White House budget director Russ Vought told reporters after a closed-door lunch meeting with Republican senators that he didn’t want to get “too far ahead” of discussions, but that his office was working with GOP senators to ensure certain local broadcast stations “have the opportunity to continue to do their early warning system and local reporting.”

Maine’s Collins wants more details

Senate Appropriations Chairwoman Collins, who voiced reservations about several of the rescissions during a June hearing, said preserving full funding for PEPFAR represented “progress.”

But Collins said a few hours before the vote she still wants more details from the White House budget office about the exact source of the other $9 billion in cuts to previously approved spending.

“One of the issues, which I raised at lunch, is the total is still $9 billion and it’s unclear to me how you get to $9 billion, because he’s listed a number of programs he wants to, quote, protect,” Collins said, referring to Vought. “So we still have the problem of not having detailed account information from OMB.”

Collins, R-Maine, then held up a printed version of the 1992 rescissions request that President George H.W. Bush sent Congress, which she said was “extremely detailed” and listed each account.

“I would contrast that to the message that we got for this rescission, which just has a paragraph and doesn’t tell you how it’s broken down in each program,” Collins said, adding she’s still “considering the options.”

The Senate’s procedural vote began a maximum of 10 hours of debate that will be followed by a marathon amendment voting session that could rework the bill.

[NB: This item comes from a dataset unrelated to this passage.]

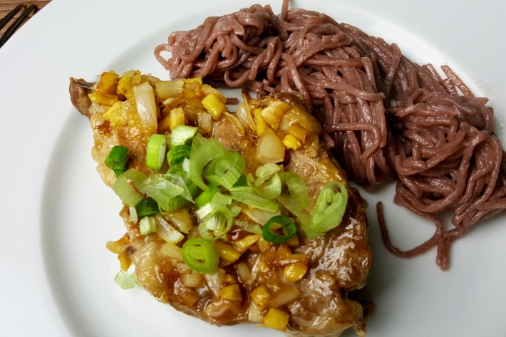 “Pendant la cuisson de la viande, faites cuire des pâtes de riz asiatiques et servez-les pour accompagner ce porc au gingembre et miel. Ces pâtes thaï, au jasmin rouge, demandent à tremper 10 minutes dans l’eau froide avant d’être mises à cuire, mais aucun temps de cuisson n’est indiqué : goûtez. En gros, pas plus de 5-7 minutes. Arrosez-les d’un peu de sauce soja.”

A final passage vote could take place as soon as Wednesday.

Trump expected to send more requests

The House approved the legislation in June, but the measure will have to go back across the Capitol for a final vote since the Senate is expected to make changes.

The effort to cancel funding that Congress previously approved in bipartisan government funding bills began last month when the Trump administration sent Congress this rescission request.

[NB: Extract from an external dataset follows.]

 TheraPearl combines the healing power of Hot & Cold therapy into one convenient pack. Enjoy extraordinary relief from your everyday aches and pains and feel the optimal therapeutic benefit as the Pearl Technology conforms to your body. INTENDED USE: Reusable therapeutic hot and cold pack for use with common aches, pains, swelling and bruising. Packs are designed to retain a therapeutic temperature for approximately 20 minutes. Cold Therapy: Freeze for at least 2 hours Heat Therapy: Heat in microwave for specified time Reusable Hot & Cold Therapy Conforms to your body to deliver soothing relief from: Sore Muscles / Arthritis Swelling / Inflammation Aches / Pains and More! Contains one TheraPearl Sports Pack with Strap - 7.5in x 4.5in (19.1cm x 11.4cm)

The initiative, led by White House budget director Vought, is part of Republicans’ ongoing efforts to reduce federal spending, which totaled $6.8 trillion during the last full fiscal year.

Vought expects to send lawmakers additional rescissions proposals in the months ahead, though he hasn’t said publicly when or what funding he’ll request Congress eliminate.

Once the White House submits a rescission request, it can legally freeze funding on those accounts for 45 days while Congress debates whether to approve, amend, or ignore the proposal.

Johnson slams funding for public media

House Speaker Mike Johnson, R-La., said during a press conference before the PEPFAR removal was announced that he hoped the Senate didn’t change the bill at all.

“I’ve urged them, as I always do, to please keep the product unamended because we have a narrow margin and we’ve got to pass it,” Johnson said. “But we’re going to process whatever they send us whenever they send (it to) us and I’m hopeful that it will be soon.”

Johnson said canceling the previously approved funding on some foreign aid programs and the Corporation for Public Broadcasting represented “low-hanging fruit.”

Federal funding for public media, Johnson said, embodied a “misuse of taxpayer dollars” on organizations that produce “biased reporting.”

“While at its origination NPR and PBS might have made some sense, and maybe it does now,” Johnson said. “But it shouldn’t be subsidized by taxpayers.”

Trump has also sought to encourage Republican senators to pass the bill without making any significant changes.

“It is very important that all Republicans adhere to my Recissions Bill and, in particular, DEFUND THE CORPORATION FOR PUBLIC BROADCASTING (PBS and NPR), which is worse than CNN & MSDNC put together,” Trump wrote on social media last week. “Any Republican that votes to allow this monstrosity to continue broadcasting will not have my support or Endorsement. Thank you for your attention to this matter!”